» Ne pas renouveler un fonctionnaire sur deux partant à la retraite » . Cet objectif du ministre Darcos est significatif de la méthode d'ensemble du gouvernement concernant l'Etat : d'un côté faire des économies, de l'autre réformer, sans réunir les deux propos et sans se référer explicitement aux dysfonctionnements, notamment aux abus dénoncés depuis des années par la Cour des comptes. Qu'attendent les parlementaires qualifiés, les syndicats, le PS, les autres partis de gauche et même certains tenants de la majorité pour dénoncer cette » méthode » , tout en affirmant la nécessité impérieuse de réformer l'Etat mais avec une vraie stratégie du changement.
Des réformes qui ne s'attachent qu'aux symptômes
L'école est particulièrement concernée. Chaque nouveau ministre de l'Education nationale, quel que soit son bord, croit devoir, dès le pied mis rue de Grenelle, s'engager dans des réformes vite grignotées ou étouffées par le mammouth et qui ne s'attachent qu'aux symptômes (incivilités, violences, illettrisme, évasion annuelle de 150000 jeunes en échec total), sans que les mécanismes profonds du fiasco ne soient mis en évidence.

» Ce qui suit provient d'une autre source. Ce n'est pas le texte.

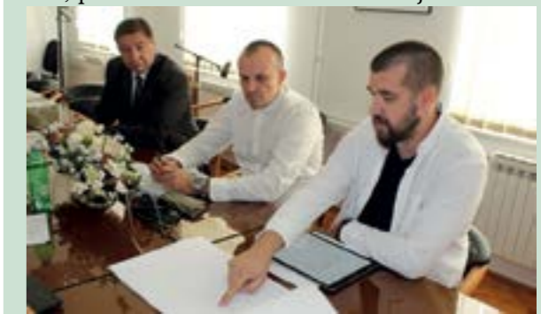
Predstavnici tvrtke Kocka iz Sibenika predstavili su prijedloge rješenja postave i koncepta Centra za posjetitelje

Projekti likovnog postava, opremanja interijera i muzeološkog koncepta te likovnog postava i opremanja, kada budu konačno definirani, s ostalom će dokumentacijom omogućiti Gradu Lepoglavi prijavu projekta Centar za posjetitelje "Centar pavlina" na natječaj Europske unije te resornih ministarstava, kako bi se osigurala sredstva za njegovu punu realizaciju.

D'où l'incapacité, notamment après les incendies des banlieues de novembre 2005 comme à l'occasion de la crise du CPE, de pointer les liens entre les rouages et les contenus du système scolaire et la crise sociale. Actuellement, succédant à celle déjà calamiteuse de De Robien, on assiste à une gestion véritablement schizophrénique du ministère par Xavier Darcos : modalité bureaucratique de suppression de postes ; réformes improvisées et aberrantes ; entre les deux aucune analyse critique du fonctionnement administratif de notre Education nationale et aucun projet d'avenir.
Or notre système scolaire amalgame un double héritage :
La méritocratie républicaine ou le poison idéologique du mépris
Fondement de l'édifice social, ce système engendre d'un côté une arrogance pas forcément consciente dans la haute fonction publique, de l'autre des frustrations multiples. Certains voudraient faire perdurer le tabou de cette méritocratie républicaine par l'ouverture des concours à quelques bons élèves de banlieues. Mais l'idéologie des Pères de la République se réclame de la sélection d'une » élite de l'esprit » par l'enseignement secondaire, et les diplômes et les métiers physiques, pénibles, manuels, » sales » n'y sont pas reconnus dans leur utilité sociale, ils restent au bas de l'échelle des considérations et des rémunérations. D'où la perception de l'enseignement technique ou professionnel comme une voie de rebut pour non » méritants » . Le leitmotiv d'une société française en crise parce que l'ascenseur social ne fonctionne plus, cautionne ainsi l'image d'une société pyramidale et le poison idéologique du mépris.
Prétendre » intégrer » sans toucher à cette idéologie négatrice de la fraternité est un leurre et une hypocrisie que la gauche devrait enfin remettre explicitement en cause… De surcroît les comportements d'une partie de l'élite parvenue au sommet peuvent être intolérables : anciens élèves des grandes écoles pantouflant dans le privé sans indemniser l'Etat qui a payé leur formation, va et vient entre la haute fonction publique et la direction des plus grandes entreprises, parachutes dorés, cumul des mandats, dépenses inconsidérées en voyages, en réceptions fastueuses.
Dans un pays qui prône l'égalité, ces dysfonctionnements, couteux, sont particulièrement scandaleux. L'inefficacité par rapport au terrain des hiérarchies administratives -dont il faudrait absolument revoir la matrice napoléonienne- n'est jamais mise en cause, alors qu'il y aurait là de véritables économies à opérer, outre le fait qu'il est grotesque de prétendre gérer l'éducation par circulaires. Les fonctions régaliennes de l'Etat en matière scolaire sont à redéfinir. La partie, qui se joue au ministère de l'Education nationale, lance un défi majeur aux forces de gauche pour qu'elles se mettent au travail et se concertent afin, face au cafouillage actuel, d' offrir rapidement un vrai projet alternatif.